Hi Everyone, I have a question about performing l...
# pinot-perf-tuning
b
Hi Everyone, I have a question about performing lots of calculations. We have a few queries where we need to calculate the sum of each column after applying a series of where conditions. (10k+ columns with Boolean values) When we have many AND conditions the query is quite fast, as we collect the data and retrieve all the sums on a relatively flat dataset. However when we have a very limited number of AND conditions the query slows way down, as for each column we need to calculate the SUM for millions of rows. This has a propensity to take a very long time or worse, throw an out of memory error for the java heap space. I don't think that pre-aggregations will work here as they are for an entire column and not an entire column with a condition. (please correct me if I'm wrong) Furthermore, our data filtering and retrieval seems to be quite fast, it doesn't feel like it's an issue of retrieving the data but more aggregating the data.
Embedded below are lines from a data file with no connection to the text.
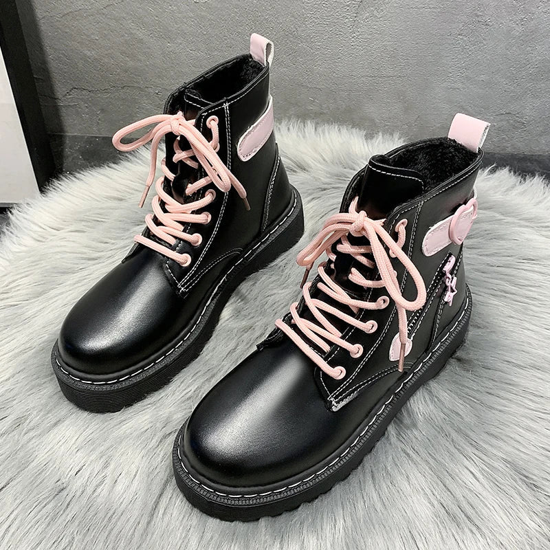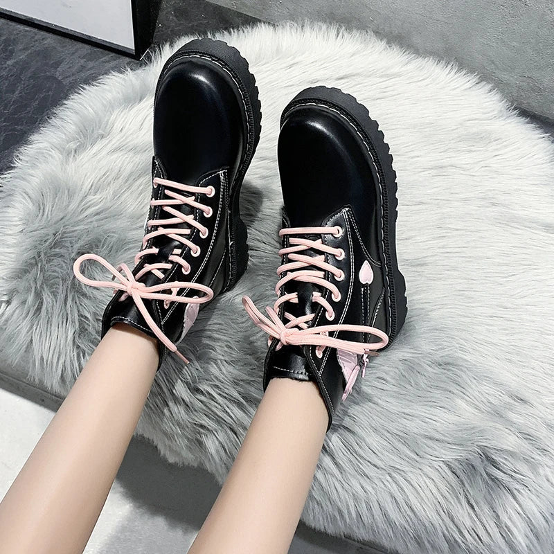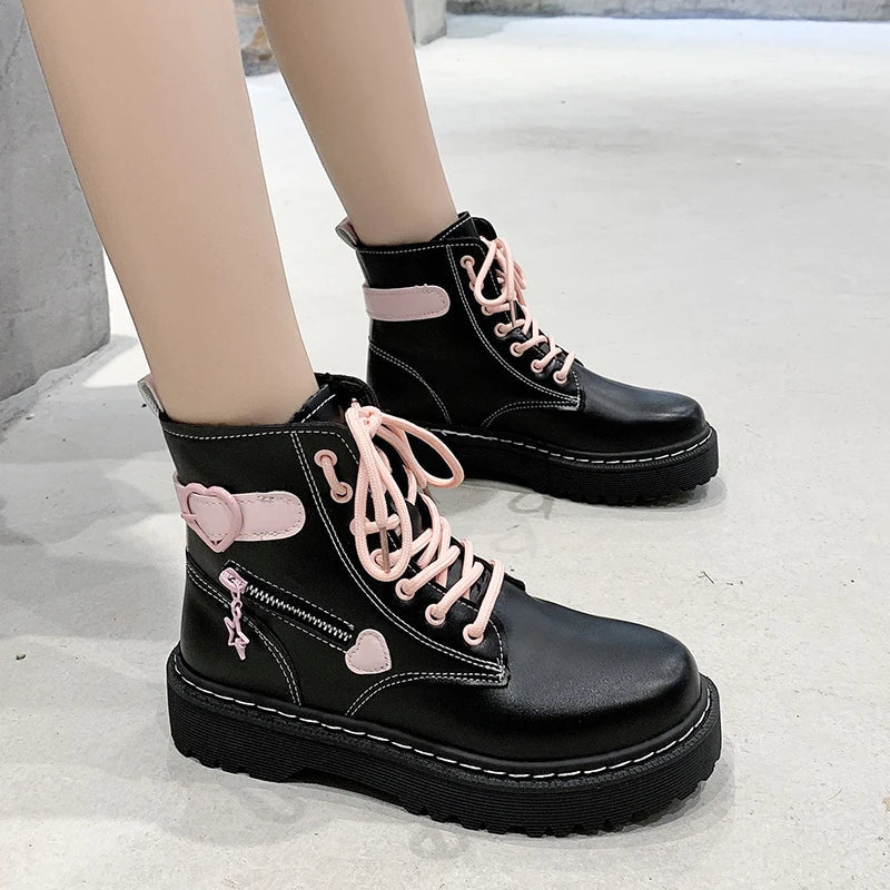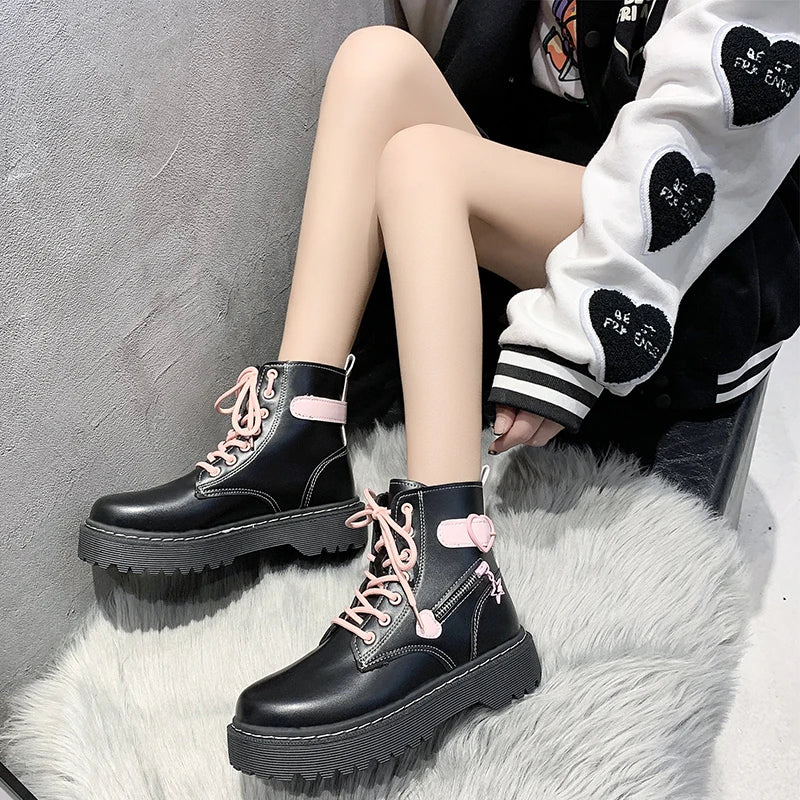 Discover the ultimate alternative style with our Gothic boots featuring a thick sole, perfect for women unafraid to highlight their unique character. Made from high-quality PU, these incredible faux leather shoes accentuate a chic Gothic look with a touch of sweetness thanks to their powder pink details. In this pair of black boots, robustness meets elegance. The thick, rugged sole is a real eye-catcher while providing optimal comfort with every step. With their contrasting pastel pink laces, they add a feminine touch to this bold and rebellious silhouette. The lace-up closure ensures a perfect fit, while the side zipper allows for unparalleled ease in putting on and taking off.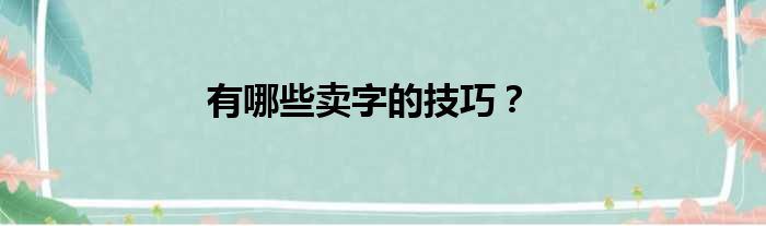 大家好,小皮来为大家解答以上问题。有哪些卖字的技巧?这个很多人还不清楚,现在一起跟着小编来瞧瞧吧!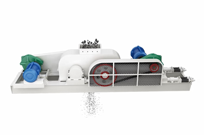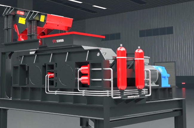 將破碎物料經給料口落入兩輥子之間,進行擠壓破碎,成品物料自然落下。遇有過硬或不可破碎物時,其輥子可憑液壓缸或彈簧的作用自動退讓,使輥子間隙增大,過硬或不可破碎物落下,從而保護機器不受損壞。相向轉動的兩輥子有一定的間隙,改變間隙,即可控制產品排料粒度。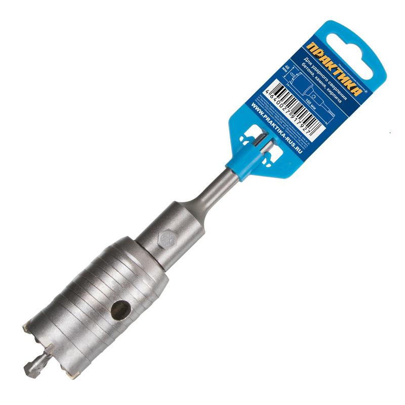 Коронка сверлильная по бетону ПРАКТИКА SDS- Plus ударная 40 мм (1шт.) Твердосплавная коронка SDS-Plus диаметром 40 мм (посадочный диаметр — М22) представлена российским брендом ПРАКТИКА. Она изготовлена из высококачественной стали на современном производстве и отвечает требованиям прочности и долговечности. Изделие разборное, состоит из восьми режущих элементов, расположенных на окружности, а также адаптера и центрирующего сверла. Модель предназначена для сухого бурения бетона, кирпича и прочих строительных материалов при прокладке сантехнических труб, прочих коммуникаций.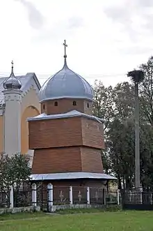Поруч з церквою розташовується дерев'яна дзвіниця, яку було зведено на початку ХІХ століття. Дзвіниця є квадратною в плані, трьохярусною каркасною конструкцією, яка завершена куполом на восьмерику. Перший ярус оточений піддашшям на кронштейнах. На другому ярусі прорізано по два прямокутних отвори з кажної сторони. На восьмерику є невеликі напівциркульні отвори. За формою і стильовими особливостями споруда нагадує дерев'яну оборонну башту.[5] Початково дзвіницю було покрито вертикальною шалівкою[5], яку після останнього ремонту замінили на горизонтальну[джерело?].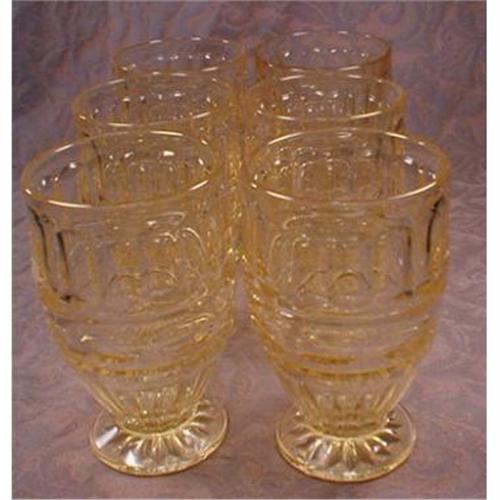 Six (6) Hermitage pattern footed iced tea glasses. Topaz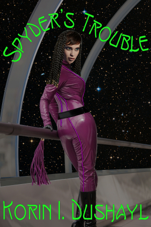 Spyder’s Trouble is the first book of The Lady & The Spyder, a 5-book saga by Korin I. Dushayl that deftly mixes sci-fi action, kink philosophy, and BDSM erotica. It’s a story that works on multiple levels, any of which could stand on their own, but it’s the intersection of them all that makes this so memorable.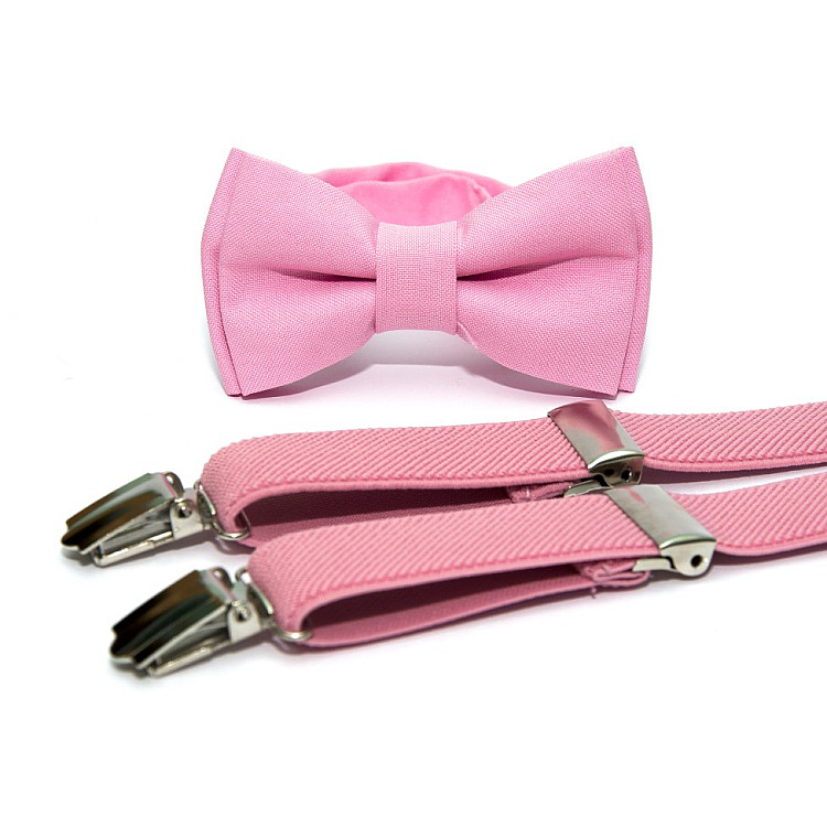 Детский набор из бабочки и подтяжек однотонный, подходит к костюмам и рубашкам. Выбирайте любой цвет – от классического черного до нежных сиреневого и розового.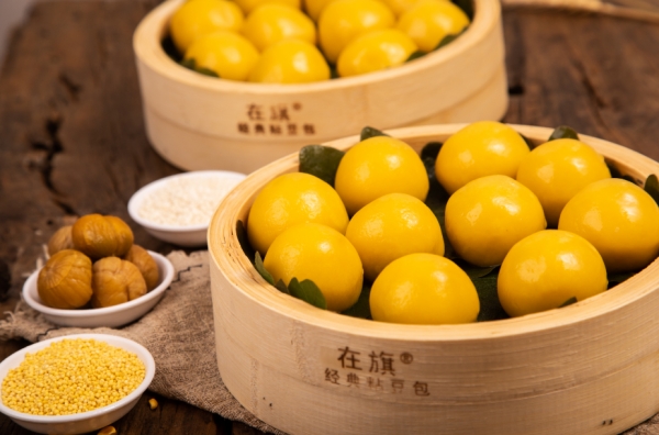 在旗经典黏豆包,黏豆包是满族传统主食,具有原生态、绿色、零添加的特点,黏豆包制作技艺现已经被列为非物质文化遗产。由于工艺要求严格,每一环节都要精心制作、严格把关,产品成型后才能呈现出外观圆润、色泽鲜亮,口感软糯、米香浓郁的黏豆包。遵循古法工艺、配方,采用独特的发酵工艺;严格把控原料选材,真材实料,粗粮细作;无色素香精防腐剂等添加剂。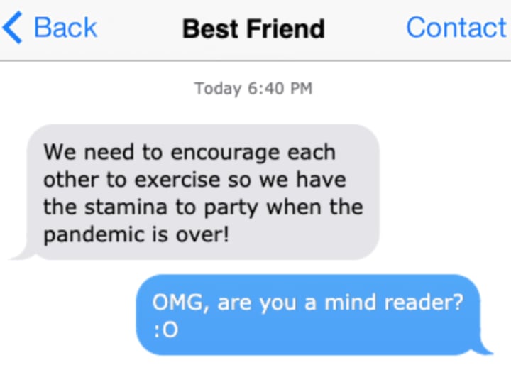 While I’m engrossed in colourful and impressive workouts and dance routines, as if by divine telepathy, I get a message from my best friend.

Any thoughts on increasing performance? Any ideas or thoughts are welcome.
k
did you try startree index?
b
because of the rather large size of the tables, we routinely are running out of resources when applying startree indexing on an EMR cluster. If that would likely solve the problem, then an alternative line of solutioning would be optimizing our startree indexed segment generation on EMR.
k
yeah strongly suggest trying startree index
b
awesome, appreciate the feedback! Just curious, if we are unable to produce a startree index -- are there any other pieces of advice that you can provide? for example would horizontally or vertically scaling our server pods be a good solution for performing a large number of SUM operations? Should we have a fewer number of larger segments? Or would a large number of small segments serve our purposes better? Any and all feedback is welcome
k
yes.. scaling will definitely help. If you can share the query and response metadata, we might be able to suggest a more concrete solution
b
The Query: SUM(boolean_field), SUM(boolean_field), ... 15k SUM(boolean_field) FROM table WHERE boolean_field = 1 or boolean_field = 0 and (boolean_field = 1 and boolean_field = 1) As for response metadata there is very little aside from thimeUsedMs and totalDocs -- is there a flag I can pass in with the API call to gather more stats?
Also, just from the perspective of scaling - given the nature of the dataset and the query, which kind of scaling will help us more in the near-term? Horizontal vs. Vertical?